Eu estudava na Escola Técnica, curso de Metalurgia, e um professor levou algum material sobre uma eleição na França, ganha pelo socialista François Mitterrand, em 1981. Na reportagem, tinha um anarquista falando da necessidade de implementar a autogestão nas fábricas. Fiquei interessado e corri atrás. Por uma grande coincidência, estava no ar a novela “Os Imigrantes”, com Paulo Autran fazendo o papel do anarquista Paco Valdez. A vontade de conhecer mais sobre anarquismo aumentou. Se corria para o dicionário que tinha lá em casa, era aquela coisa da falta de governo e da bagunça. Fiquei inquieto. Não batiam as palavras do anarquista francês e da novela com os termos do dicionário. Corri para a Biblioteca do Estado, nos Barris, e fui falar com a bibliotecária, temeroso, claro. A gente estava num período em que ainda podia se ouvir que grupos militares estavam querendo reendurecer a Ditadura. Não sei se foi real ou não, mas lembro da moça da biblioteca me olhando de um jeito estranho quando perguntei a ela meio gaguejando se havia ali algum livro sobre anarquismo. Ela demorou um pouco para ir até as caixinhas de cartões. E lá, achou o cartão do Socialismo Libertário, de Bakunin, da Editora Global. Era o único que havia ali, segundo ela. “Vai ali, na última estante, lá atrás e, se não achar, me fale”, disse ela. Achei e levei. Passei uns dias com ele. Naqueles dias, eu virei anarquista. Rs, rs.

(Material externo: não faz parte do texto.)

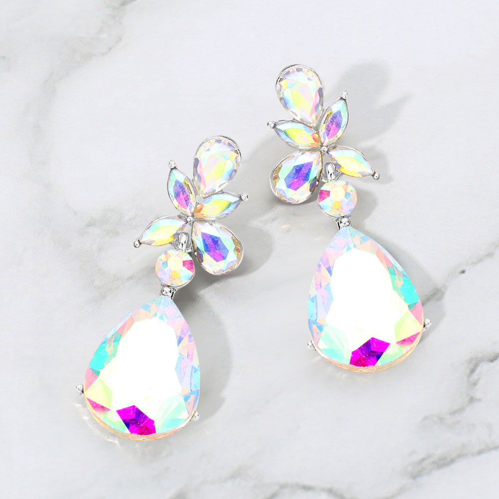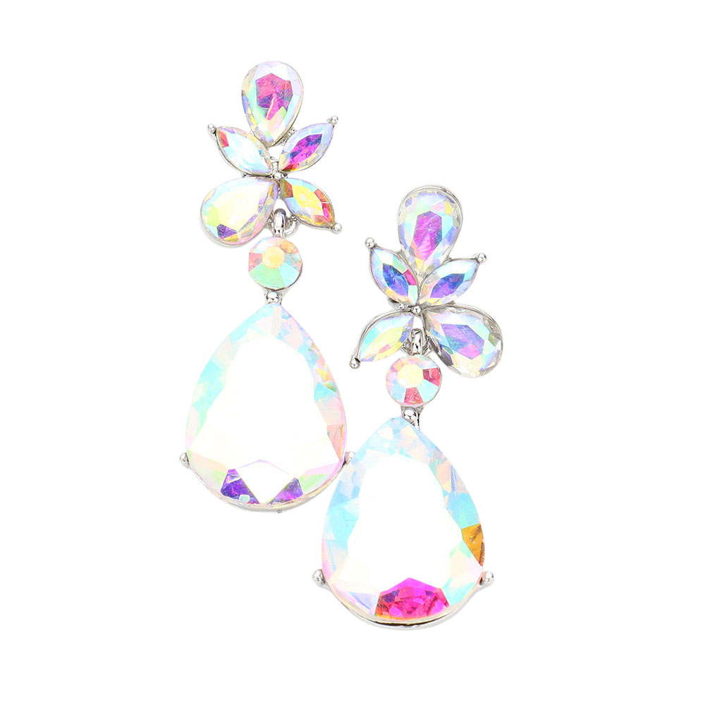 • Make a striking impression with these faceted teardrop statement earrings. Featuring bold, multi-cut stones arranged in a floral-inspired design, they capture light beautifully for a refined yet dramatic finish—perfect for evening wear or elevating any special occasion look.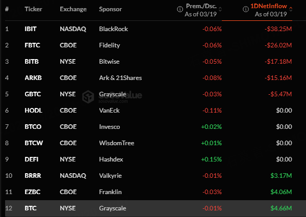 The Bitcoin spot ETF with the highest net outflow on March 19 was iShares Bitcoin Trust, with a net outflow of $38.25 million, according to SoSoValue.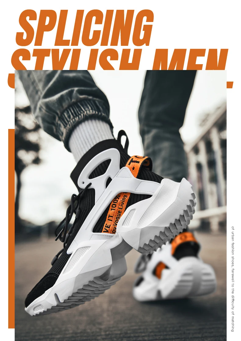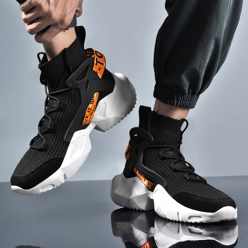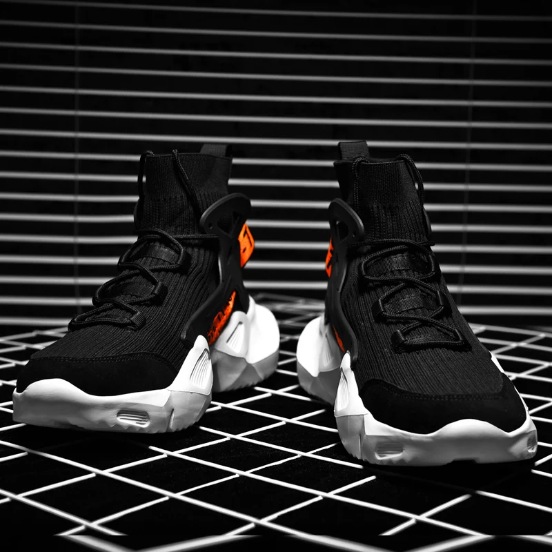 Мужские беговые кроссовки без шнуровки, ботильоны, баскетбольные теннисные кроссовки, высокие вязаные кроссовки на платформе для скейта, тренировочная спортивная обувь большого размера 46

Nos fale um pouco sobre a experiência do Inimigos do Rei.

Depois do período de conhecimento do anarquismo, olhos e ouvidos ficaram sempre em busca de algum indício da existência dele aqui por Salvador. Sabia da existência de comunistas (alguns ainda escondidos) em espaços ligados aos partidos ou às centrais sindicais no nascedouro. Ia nesses locais procurando alguém com o mesmo espírito libertário que eu tinha tomado para mim. Ainda em 1981, descobri numa das bancas de revista da Praça Municipal, onde eu já comprava o jornal “Em Tempo”, e as revistinhas “Thor” e “Cebolinha”, também uma edição do jornal “O Inimigo do Rei”, com Elba Ramalho (imaginar que era uma libertária…). Encontrei baianos anarquistas. Alegria, alegria. Ricardo, Tony, Tavares, Alex, Eduardo, Hilda, Cleuzete, Tidinho, Mimoso, que juntos com outros tantos mantinham aberto cinco dias na semana o Centro de Documentação e Pesquisa Anarquista (CDPA). Dali em diante virei um seguidor assíduo do jornal. Sempre estava procurando nas bancas (ainda com aquele cuidado paranoico de estar sendo observado no momento da compra). Mas não me aproximei do grupo que publicava o jornal. Era período de priorizar o trabalho, para o ganha pão. Estágios, concursos… até um trabalho com carteira assinada aparecer, no Pólo Petroquímico de Camaçari, em 1982. Só fui me encontrar pela primeira vez com a turma do jornal em 1985, com o lançamento da edição 18, com a capa relacionando Roberta Close e Paulo Maluf. A partir dali, comecei a participar da produção do jornal, como jornaleiro e jornalista, como se esperava de todo militante anarquista. E entrei com tudo no CDPA, ajudando na manutenção, abrindo a sala um dia ou dois da semana, organizando atividades. Na realidade, participei de quatro edições do O Inimigo do Rei em três anos. Das últimas edições.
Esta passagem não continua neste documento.